Людмила Матвеева - Бабка Поля Московская
Вера слушала и не слышала – а просто любовалась им: такой он стоял перед ней ловкий, подтянутый – ни единой складочки лишней на форме, гладко выбритый, невероятно худой, немного еще – и был бы совсем не виден в профиль, а чуб свой длинный, косо уходящий на очень коротко подстриженную макушку, подбрасывал Николай то и дело, гордо вскидывая голову – ну как есть настоящая Белокурая Бестия.
– «Верочка, ты все поняла?» – пытливо всматриваясь в рассеянное какое-то, уклоняющееся от прямого взгляда лицо подруги, Николай обеими руками взял Веру за плечи, прижал к себе крепко-крепко, но не поцеловал – с сожалением оторвался от все кивающей согласно Верочки, поправил фуражку, весело полыхнул синим пламенем огромных глаз из-под козырька, потом вскочил на высоко отстоявшую от края платформы подножку, какое-то время постоял еще на верхней ступеньке рядом с проводником – и нырнул вглубь вагона.
Медленно, но верно набирая скорость, дымящий паровоз сдвинул разом, с жутким скрежетом, все вагоны отходившего с московского Ленинградского вокзала поезда в северную сторону – и Вера осталась одна.

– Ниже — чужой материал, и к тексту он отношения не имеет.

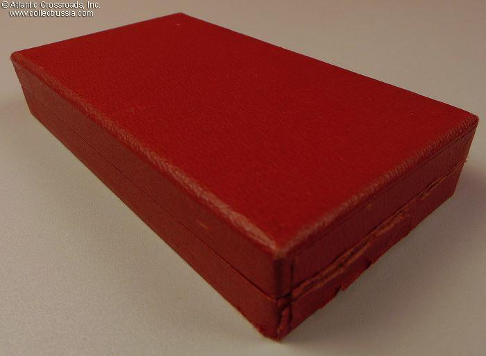 The presentation case is in thick pressed cardboard laminated in leather-textured paper. The size is approx. 6x3x1 cm. The fitted space for the medal and ribbon bar is lined with burgundy short-nap velvet. The lid is lined with light fabric.

И сразу же стало ей ужасно грустно, просто тоскливо даже…
Но грусть ее долгой быть не имела права – ведь уже завтра вечером – вдогонку Николаю – и сама она поедет в славный город Ленинград – а если по – московски, так в Питер, – но, конечно же, не на давно уже прошедший «Октябрьский парад», а на встречу Нового года и, соответственно, – что и было, в общем-то, главным поводом, – на празднование двадцатитрехлетия своего любимого «Николая Второго», – как называла его Вера, но только про себя и при подругах, – которого угораздило родиться точно в ночь на первое января.
Николай Андреевич не смог «поприсутствовать» на проводах в армию «Николая Первого» на ноябрьские праздники по уважительной причине – не дали увольнительной.
Зато сейчас разрешили ему «по делам службы» оформить командировку в родной город – «в Санктъ-Петербургъ», как до сих пор еще писала ему на редких поздравительных открытках в «адресе отправителя» старая – «из бывших» – хозяйка его ленинградо-питерской коммуналки Елизавета Ермолаевна Владимирская, по бывшему мужу – Радзиевская.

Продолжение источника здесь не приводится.